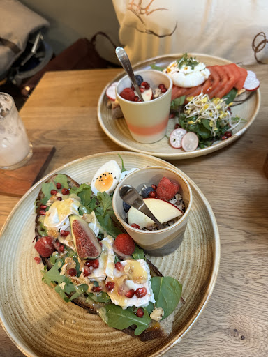 Read moreBoho-Vibes mit unfassbar leckerem Essen und überragendem Service. Wenn man auf das „Boho-Blogger-Chic-Ambiente“ steht und richtig leckeren Kaffee möchte, ist man hier genau richtig. Der Service ist wirklich toll. Da wir etwas auf unseren Tisch warten mussten, wurde uns als Entschädigung ein Kaffee auf‘s Haus angeboten. Wir wurden direkt wahrgenommen und haben uns auf Anhieb Wohlgefühlt.Alle Servicekräfte sind sehr zuvorkommend und aufmerksam. Wir haben nicht all zu lange auf unser Essen warten müssen, jedoch war alles sehr frisch und warm. Das Preisniveau ist gehoben, jedoch für die Portionen und ausgefallenen Zutaten gerechtfertigt. Wenn man es ruhiger haben möchte, gibt es im Hinterraum abseits Tische, wenn man eher für sich sein möchte. Auch auf barrierefreien Zugang wurde geachtet, mit dem Rollstuhl oder Kinderwagen hat man genug Platz. Alles in allem ein super tolles Café, man fühlte sich wie auf Bali...
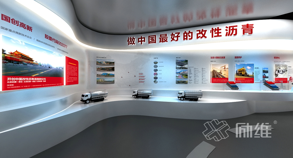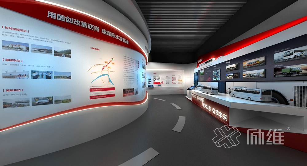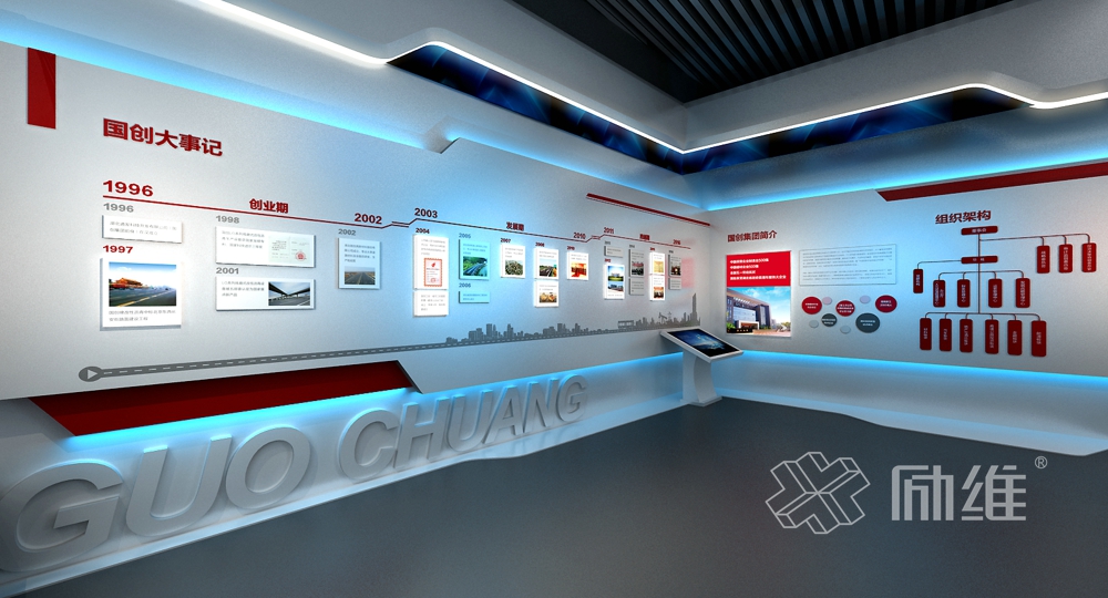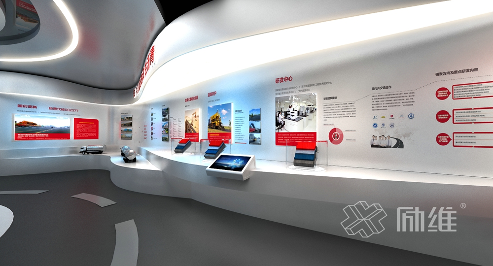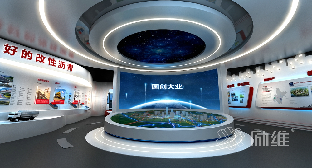 以大气沉稳、现代简约的总体基调,引入国创集团行业的市场特性,通过道路流线的灵动感整体布局,在延伸的空间演绎出国创每一条道路的精彩。整个展厅内容由民族骄子、创新勃发、聚力腾飞、使命有责、致远前行5大部分内容组成,遵循虚实结合、动静结合、远近结合的基本原则,突出“创新、务实、诚信、进取”国创精神。
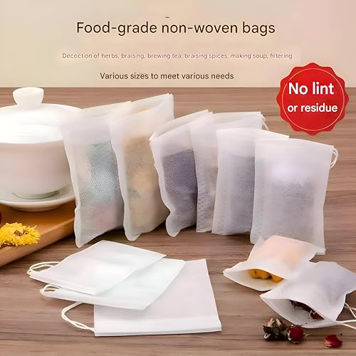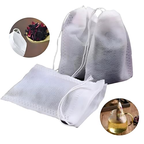 Generic - مرشح غير منسوج - أكياس ترشيح الشاي الفارغة بسلاسل شد لأوراق الشاي المفتوحة، الأعشاب والتوابل والقهوة، عبوة 100، متينة وقابلة للتصرف بدون فوضى للاستخدام اليومي في المطبخ.
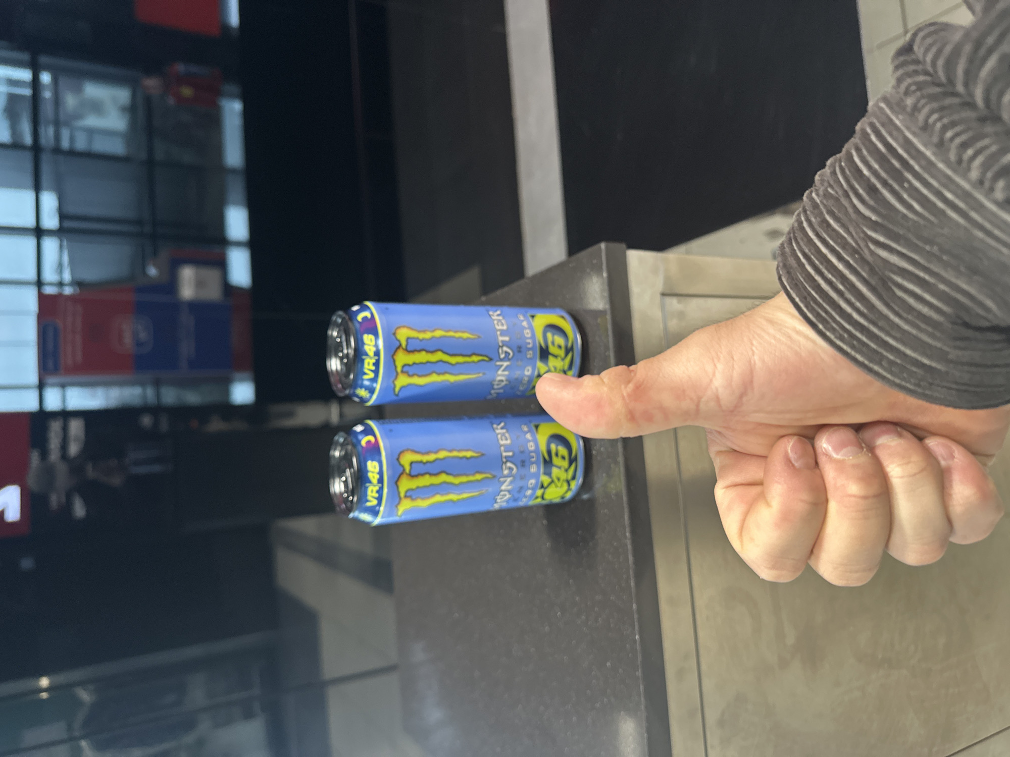 The scene is captured indoors in Sofia, Bulgaria. In the immediate foreground, a human right hand, oriented palm-in, extends from the lower right and displays a "thumbs-up" gesture. The hand shows natural skin texture and unmanicured nails. A dark grey, horizontally ribbed sleeve covers the wrist and forearm. In the mid-ground, two identical, unopened Monster Energy "VR46 ZERO SUGAR" cans stand upright on a dark grey, speckled countertop. Both cans are light blue with yellow branding, including the Monster claw logo and "VR46" text. The can on the left is positioned slightly forward of the can on the right. Below the countertop is a light-colored, possibly metallic, panel. The background is out of focus, dominated by large glass panels revealing a blurred, modern interior or exterior space. Indistinct human figures are visible through the glass, along with dark, possibly tiled, floor areas and an extremely blurry red and blue rectangular sign on the left.
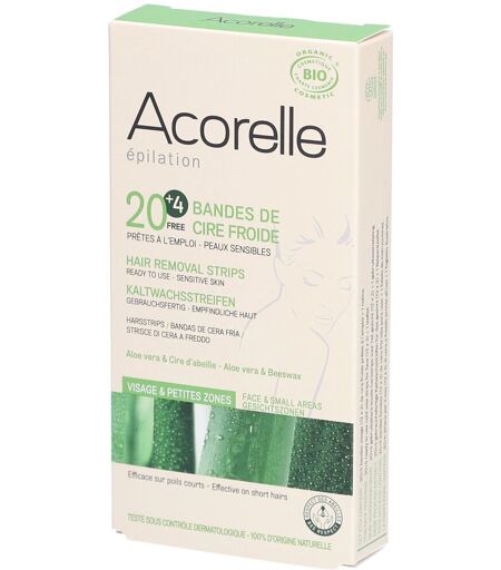 Rapides & faciles à utiliser, les Bandes de cire froide sont vos meilleurs alliés pour une efficacité optimale et une peau lisse jusqu'à 4 semaines. Spécialement conçues pour les contours du visage, leur formule 100% naturelle est parfaitement adaptée à la peau délicate de cette zone. Ultra-pratique & faciles à transporter, ce qui en fait un choix idéal pour les voyages ou les retouches de dernière minute !Bénéfices74% des femmes remarquent une efficacité même sur poils courts (2-5mm)74% des femmes déclarent une épilation parfaite dès la première utilisation95% des femmes assurent avoir une peau douce après l’épilation89% des femmes recommandent nos bandes de cires froides pour les peaux sensibles89% des femmes notent une peau hydratée après l’épilationLes tests consommateurs sont réalisés durant 2 mois sur des consommatrices qui représentent nos clientes. Ainsi on retrouve des femmes à la peau sensible, des femmes qui utilisent régulièrement ce type de produit ou encore des femmes qui ont eu des réactions post-épilation.ApplicationRéchauffer la bande entre les mains. Séparer la bande en 2. Appliquer sur la zone à épiler. Lisser dans le sens des poils. Retirer d’un geste vif à contre-poil. Changer de bande lorsqu’elle est saturée de poils et ne colle plus. Après l’épilation, utiliser une huile comme par exemple l’huile SOS d’Acorelle pour éliminer les éventuels résidus de cire et apaiser sa peau.IngrédientsGLYCERYL ROSINATE, RICINUS COMMUNIS SEED OIL, CERA ALBA*, ARGANIA SPINOSA KERNEL OIL*, HELIANTHUS ANNUUS SEED OIL*, ALOE BARBADENSIS LEAF EXTRACT*.*Ingrédients issus de l’agriculture biologique100% du total des ingrédients est d’origine naturelle10% du total des ingrédients est issu de l’agriculture biologiqueCosmétique écologique et biologique certifié par ECOCERT Greenlife selon le référentiel ECOCERT ...
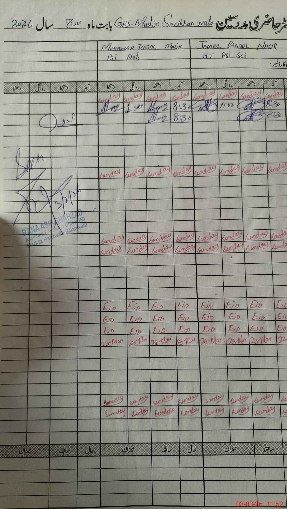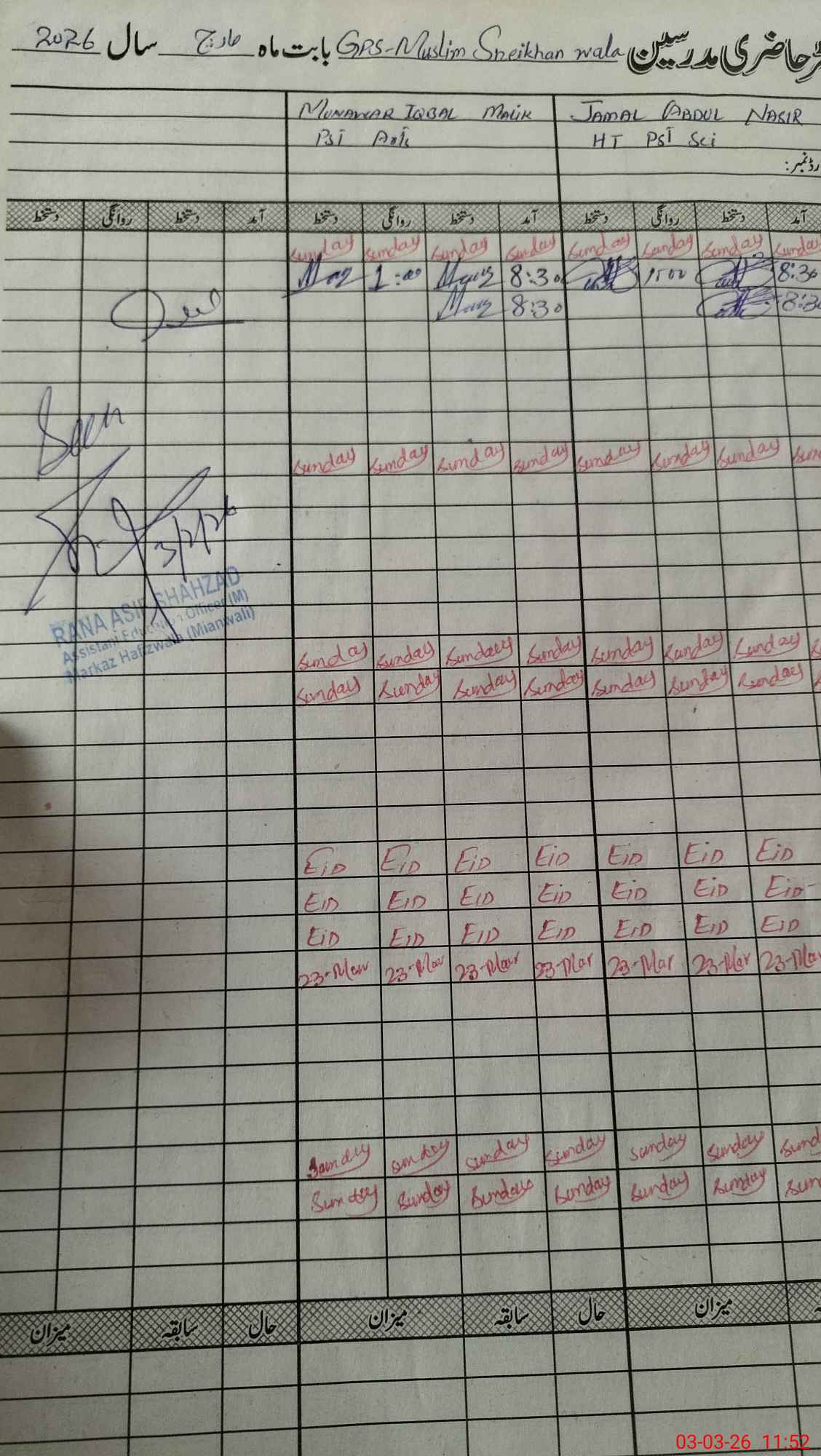 | Monitoring Date: 03-03-2026 | Start Time: 03-03-2026 11:31 AM | End Time: 03-03-2026 11:53 AM | Name of MEA: Ra**** As**** Sh**** | |
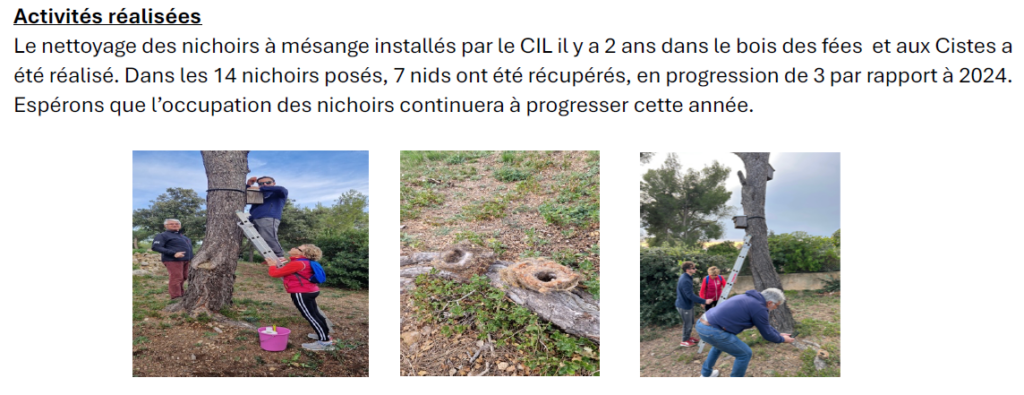 Un de nos membres a eu le plaisir de constater qu’une Mésange charbonnière a adopté un nichoir récemment posé dans le Bois des Fées. Bravo à notre groupe d’installateurs pour l’implantation adéquate donc, et soyons attentifs à ces habitats lors de nos balades dans ce bois !
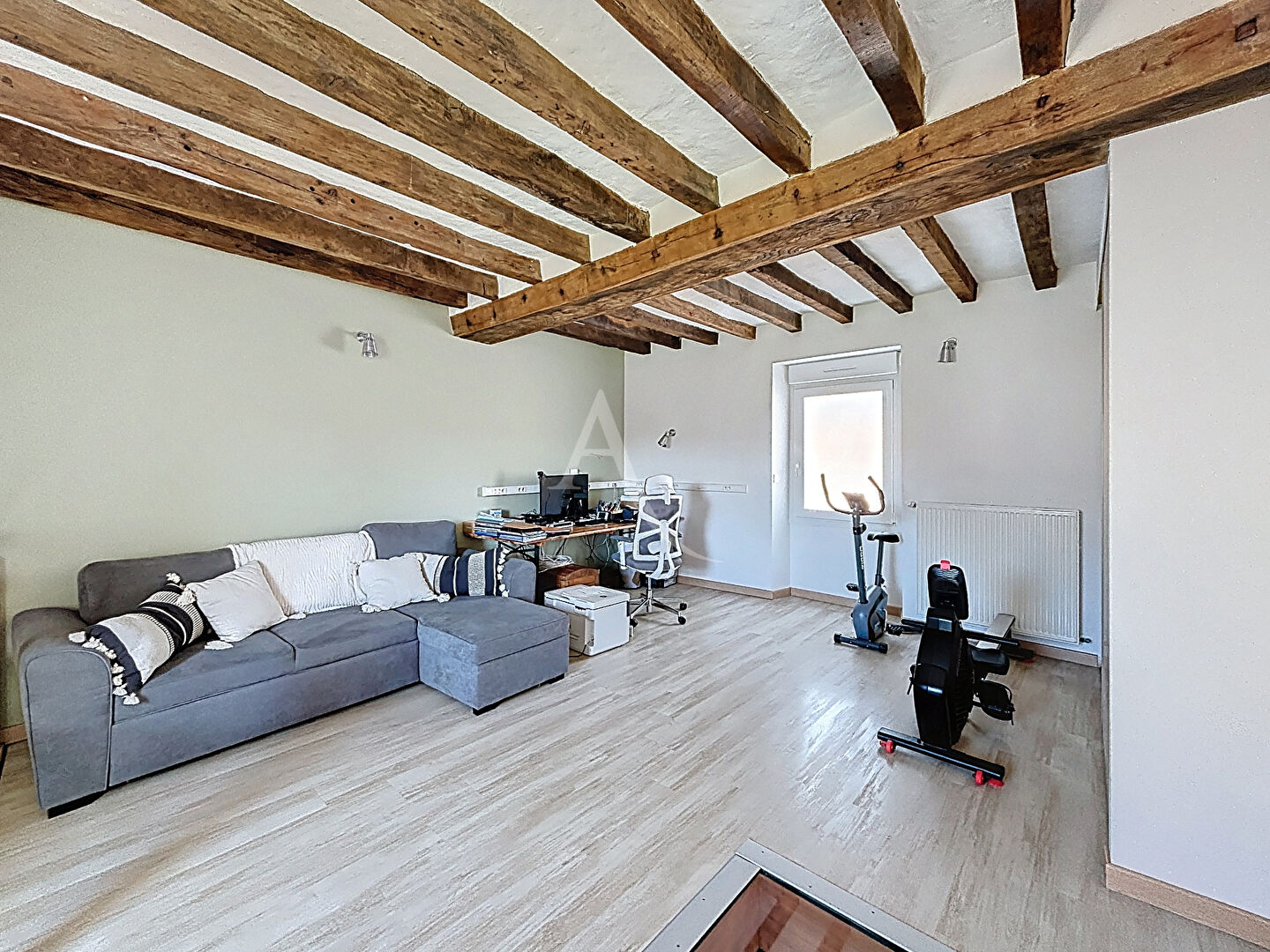 Votre agence L'Adresse vous propose en exclusivité cette maison de caractère écoénergétique à Ménil. Dès l'entrée, vous découvrez un bel espace avec tomettes et verrière. Grande pièce de vie lumineuse de 100 m² comprenant salon, séjour et cuisine aménagée et équipée, avec poêle à granulés. WC indépendant. A l'étage : mezzanine à usage de bureau et suite parentale avec chambre, dressing et salle d'eau avec WC. Au second : 2 chambres, salle d'eau, WC, buanderie et grenier. Confort assuré par pompe à chaleur et 14 panneaux solaires en autoconsommation avec revente. Garage avec greniers aménageables et 2 caves. Jardin clos avec 2 terrasses (dont une couverte), atelier et espace bien-être avec jacuzzi. Environnement agréable, à quelques centaines de mètres de la Mayenne et du chemin de halage. DPE : B (99) / GES : A (3) rèf : 36561-GL honoraires à la charge du vendeur
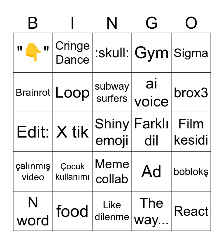 This bingo card has 25 words: Çocuk kullanımı, Like dilenme, subway surfers, N word, Sigma, "👇", Brainrot, Cringe Dance, Farklı dil, Meme collab, ai voice, Edit:, Ad, boblokş, Loop, React, Film kesidi, :skull:, brox3, X tik, Shiny emoji, food, çalınmış video, Gym and The way....
######
With the pictures omitted, copy exactly the lines of the listing above starting at the line containing "以大气沉稳、现代简约的总体基" and ending at the line containing "The scene is", both included.

#### Answer box:
 以大气沉稳、现代简约的总体基调,引入国创集团行业的市场特性,通过道路流线的灵动感整体布局,在延伸的空间演绎出国创每一条道路的精彩。整个展厅内容由民族骄子、创新勃发、聚力腾飞、使命有责、致远前行5大部分内容组成,遵循虚实结合、动静结合、远近结合的基本原则,突出“创新、务实、诚信、进取”国创精神。
 Generic - مرشح غير منسوج - أكياس ترشيح الشاي الفارغة بسلاسل شد لأوراق الشاي المفتوحة، الأعشاب والتوابل والقهوة، عبوة 100، متينة وقابلة للتصرف بدون فوضى للاستخدام اليومي في المطبخ.
 The scene is captured indoors in Sofia, Bulgaria. In the immediate foreground, a human right hand, oriented palm-in, extends from the lower right and displays a "thumbs-up" gesture. The hand shows natural skin texture and unmanicured nails. A dark grey, horizontally ribbed sleeve covers the wrist and forearm. In the mid-ground, two identical, unopened Monster Energy "VR46 ZERO SUGAR" cans stand upright on a dark grey, speckled countertop. Both cans are light blue with yellow branding, including the Monster claw logo and "VR46" text. The can on the left is positioned slightly forward of the can on the right. Below the countertop is a light-colored, possibly metallic, panel. The background is out of focus, dominated by large glass panels revealing a blurred, modern interior or exterior space. Indistinct human figures are visible through the glass, along with dark, possibly tiled, floor areas and an extremely blurry red and blue rectangular sign on the left.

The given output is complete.